Фролов не то чтобы не узнавал в ней вчерашнюю усталую, измотанную женщину, потерявшую возраст, а удивлялся ее молодости и даже прелести, отчего-то не замеченной им накануне. У нее были черные, глубокие глаза, пухлые губы и упругие щеки с пушком на скулах.
«А что? — подумал Фролов, отведя глаза от ее лица. — Запросто мог бы жениться. Прокормил бы и ее, и ребятишек, всю ораву. Чай, не без рук, не без ног и умственно не отсталый!»
Она нравилась ему. Вот она ловко умыла ребят у колодца, сама умылась и забелела лицом, а глазами зачернела еще ярче и стала совсем хороша.
Пока детишки уминали карасей и картошку, Фролов побежал за хлебом. Булочная далеко была, одна автобусная остановка, почти километр. Он сумел без очереди отовариться за три дня, чтоб гости его не голодали в дороге, прихватил конфет — карамельки с повидловой начинкой — и когда вернулся, была самая пора отправляться на станцию.
И грустно ему сразу стало, сердце защемило так, словно он провожал в безвозвратную дорогу близкую родню, свою кровь. Они посидели перед дорогой, помолчали, все как положено, и тронулись. Вышли за ворота, пошли гурьбой по улице, и тут вдруг Фролова осенила еще одна счастливая мысль. Он даже усовестился, почему эта мысль не пришла к нему ранее, а только в последний момент.
Фролов приказал всем идти, а сам побежал назад в избу. Он решил облагодетельствовать их окончательно, предоставив возможность спокойно, без хлопот, прямой дорогой добраться до города Чебоксары, до широкой матушки Волги. Такую возможность Фролов мог им предоставить очень даже просто, купив всем билеты до станции назначения. У него еще оставалось триста рублей, им в самый раз хватит, а уж он обойдется до зарплаты. Если подумать, то триста рублей не такие уж большие деньги: вчера в ресторане он оставил почти половину этой суммы.
Фролов вынул из заветного места деньги и догнал гостей.
Он шел по улице, будто глава большого хорошего семейства, держа за руку Женьку и Татку, которые прижимались к нему, как родные, соскучившиеся по отцовской ласке. А чуть сбоку, рядом, вышагивала Мария, словно бы его женка. Породистая, истинно крестьянская баба, тонкая лицом, как икона, крепкая телом, обильная грудями — вся приспособленная к земле и к домашности.

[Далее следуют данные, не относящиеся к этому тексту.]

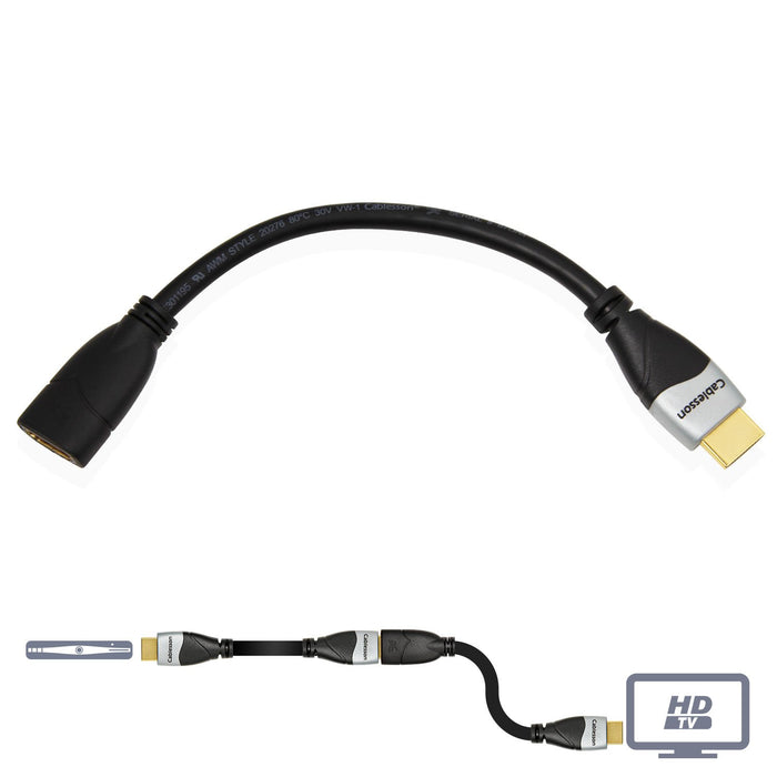 The Cablesson Ivuna Advanced High-Speed range of HDMI Extension cables have been designed to meet the high bandwidth performance standards set by HDMI Version 1.4 2.0 (2.0a & 2.0b) and 2.1. The highly advanced design of this cable incorporates a special stress relief mechanism that permits the cable to bend with minimum stress on the HDMI port when connected horizontally or vertically. Backward compatible and delivers Up to 4k Digital Ultra HD Signal. ARC cable and 3D Compatible.
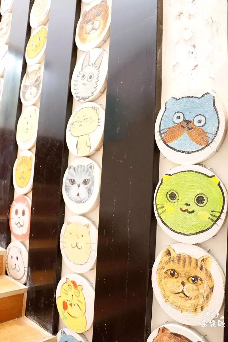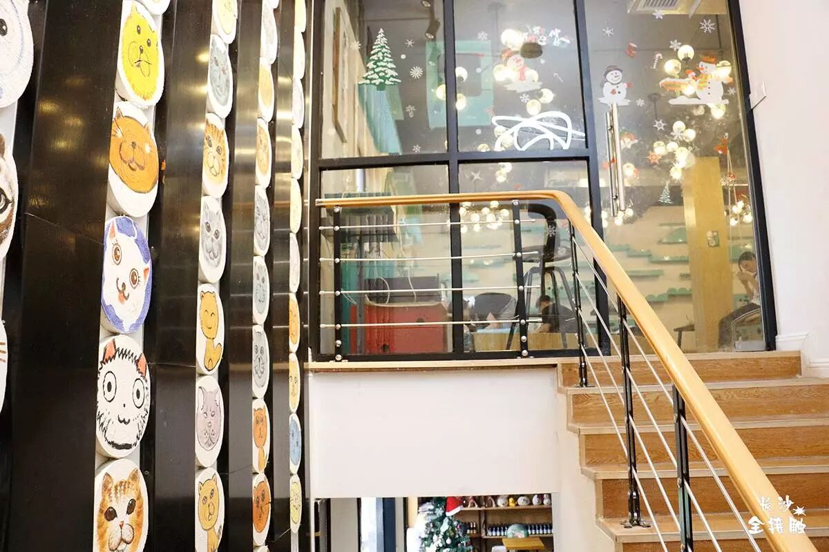 一楼是餐厅,猫咪都在二楼,能看见上楼的走廊都是猫咪的头像,隔着走廊的玻璃就可以看见那些可爱的小家伙,这里要注意~大家上楼记得换鞋子或者套上鞋套~
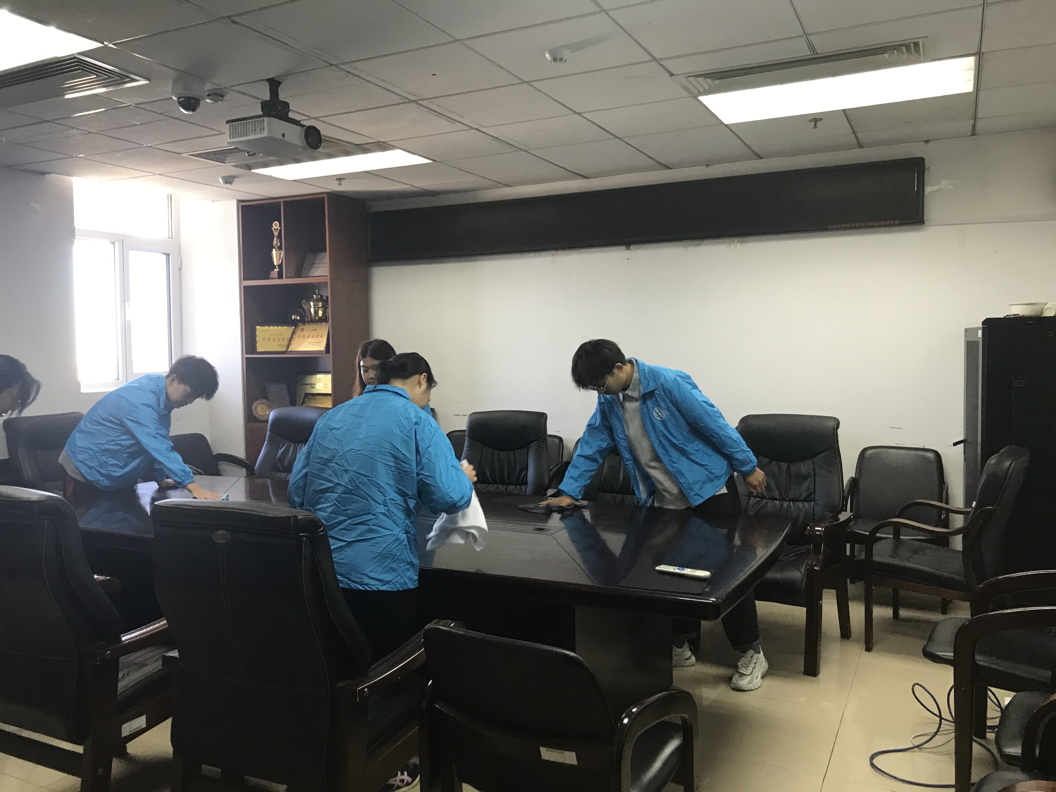 紧接着,同学们转步到东荣大厦12楼,组织进行劳动实践教育,细致清扫公司办公室、储物室和会议室等办公区域,擦拭会议桌,储物架及过往获得的荣誉奖杯,整理迎新活动的备用物品及未来活动道具,在擦拭整理中重温公司过往。活动结束后,同学们进行思想交流,在总结收获中坚定理想信念。
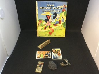Diverse kuriosa, ABBA filmisar, tjurfäktnings nyckelring, Walt Disney bok mm
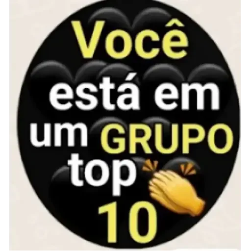 Um sticker com texto 'ENTROU no GRUPO PARTICIPE' em branco e amarelo sobre fundo preto, com uma mão amarela apontando…
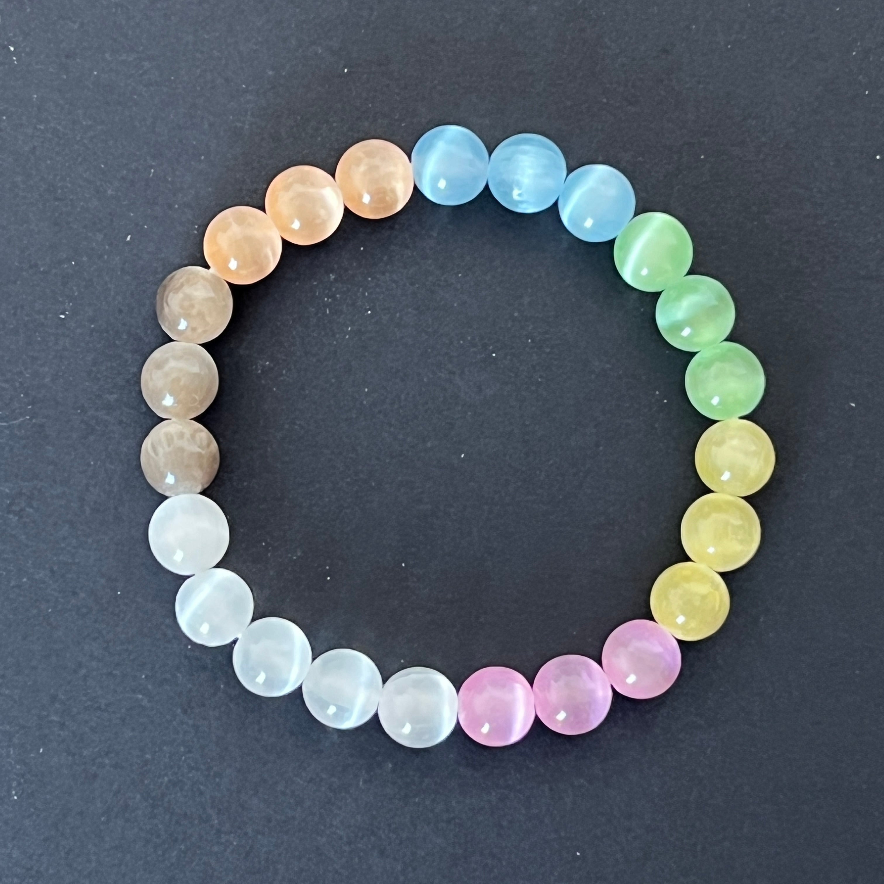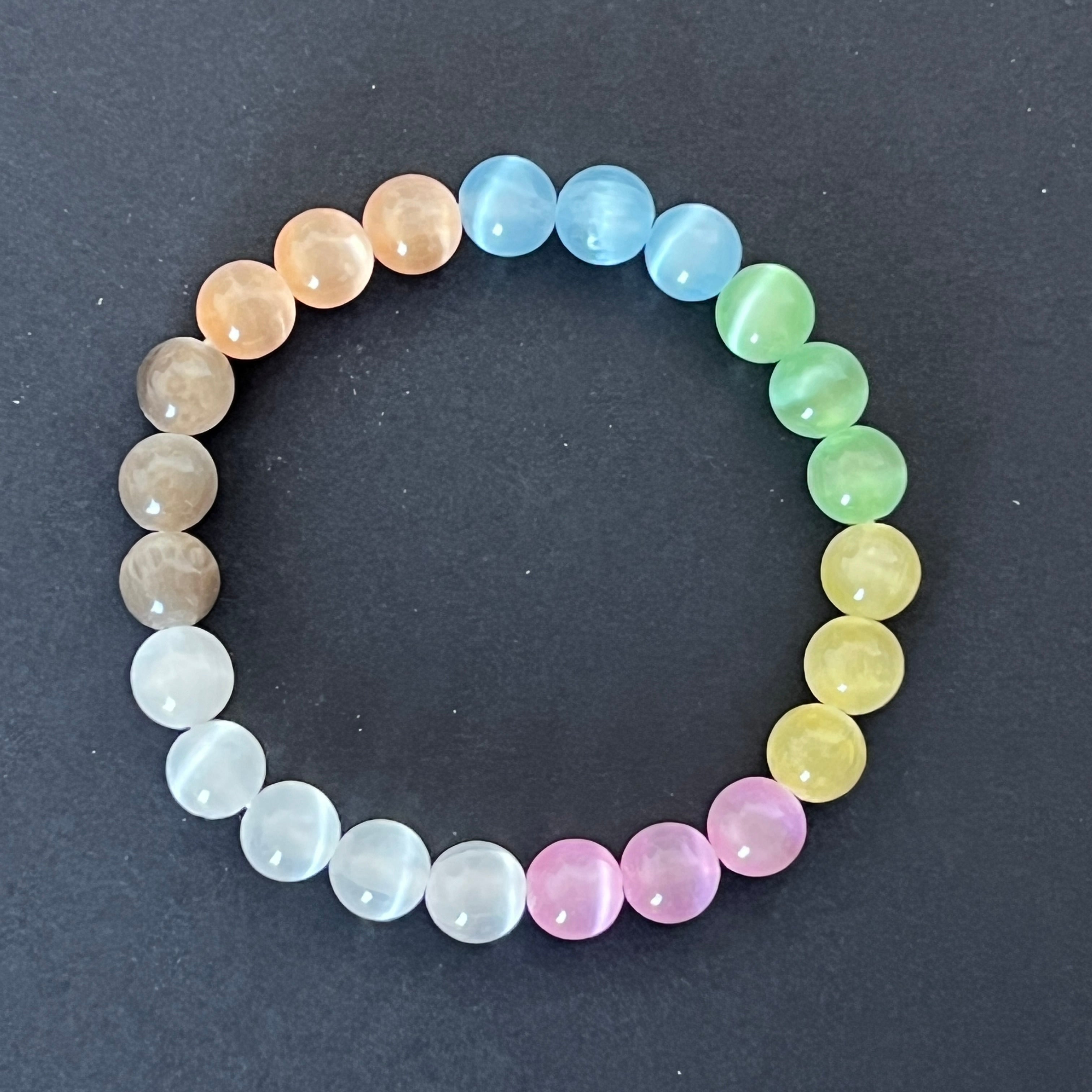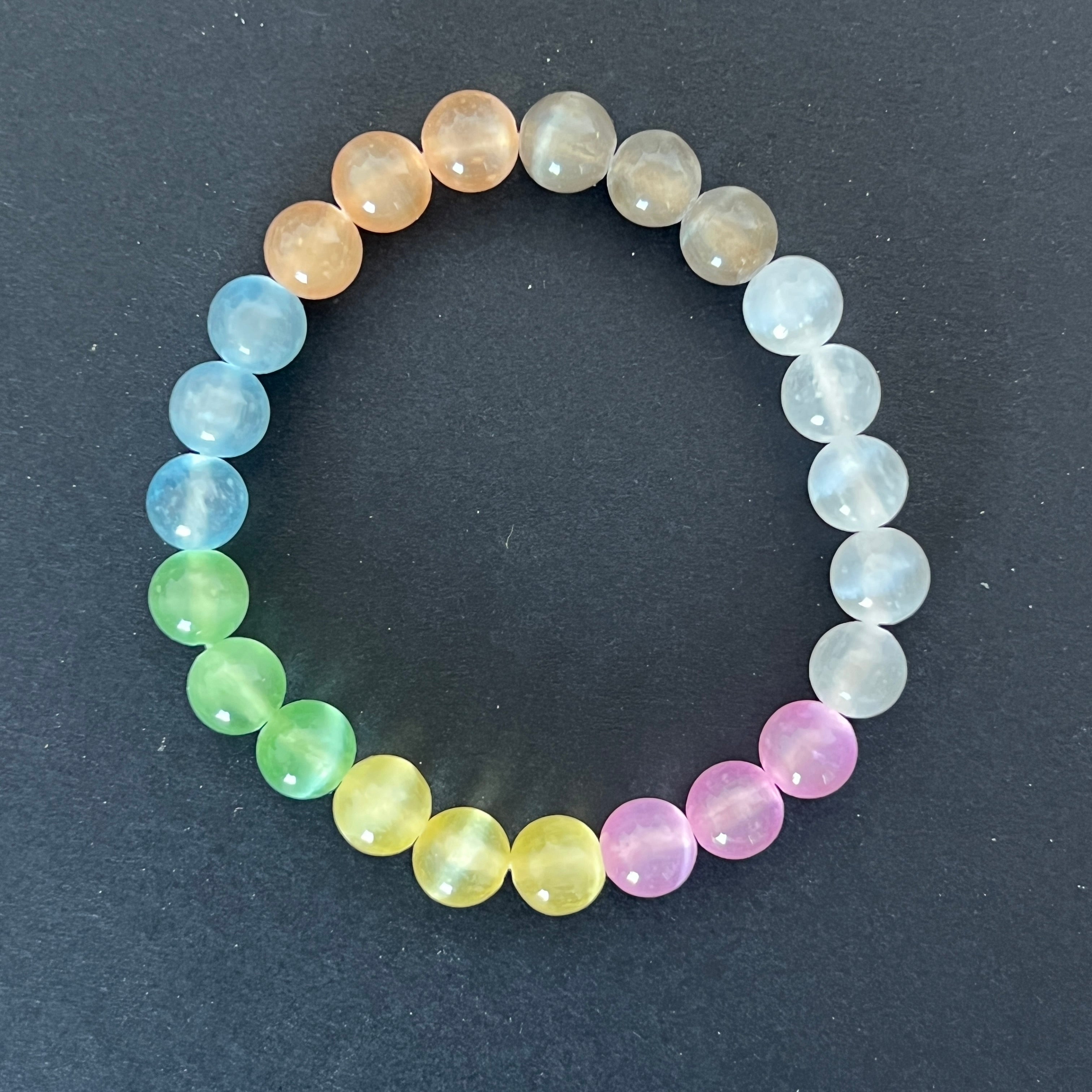 Βραχιόλι χρωματιστές σφαίρες από σεληνίτη 8 mm
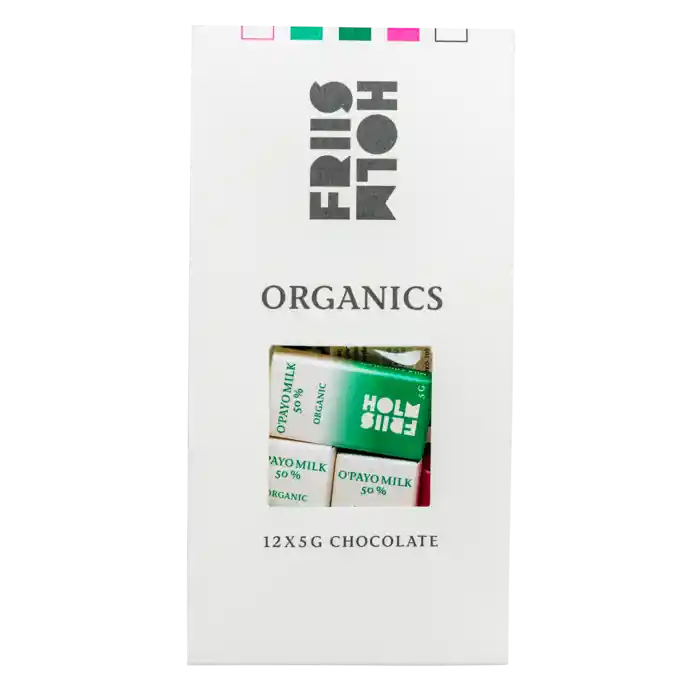12 ekologiska små praliner från Friis-Holm Choklad, 12 x 5 g.

Этой бабе нужна всамделишная работа и в поле и в постели, без дураков. Ей мужик нужен под стать, справный, на козьем клею. Э-эх, там-то, на вольной матушке Волге, Фролов обхарчился бы, вошел бы в тело, выветрился бы из него весь дурной военный дух и стал бы он мирным гражданином у-ух какой крепости!
Фролов шел, будто глава хорошего семейства, обглядывал Марию, млел от теплоты детских рук в своих ладонях, отвечал на их реплики и их смех, а сам бросал взгляды по сторонам, гордясь, что посторонние люди смотрят отовсюду и гадают, куда и с кем насдобился заведующий складом.
А насдобился он не так уж далеко, до станции, не дальше. Это все игра, все шутки мечтательности, одни только вздохи и мучения души. Уедет Мария со своей оравой и вскорости возле вольной Волги-реки позабудет о дядьке Фролове, как о дыме дорожном.
Еще минут тридцать оставалось до поезда, не так много, но для Фролова много, ибо он уже и не знал, о чем еще ему говорить с Марией. Да и она тоже не знала. Словами они уже все сказали, и теперь у них начался другой разговор — взглядами. Такой разговор — взглядами — самый тяжелый, хоть и волнующий: за словом-то можно многое скрыть, а за взглядом ничего не скроешь, во взгляде нет лжи.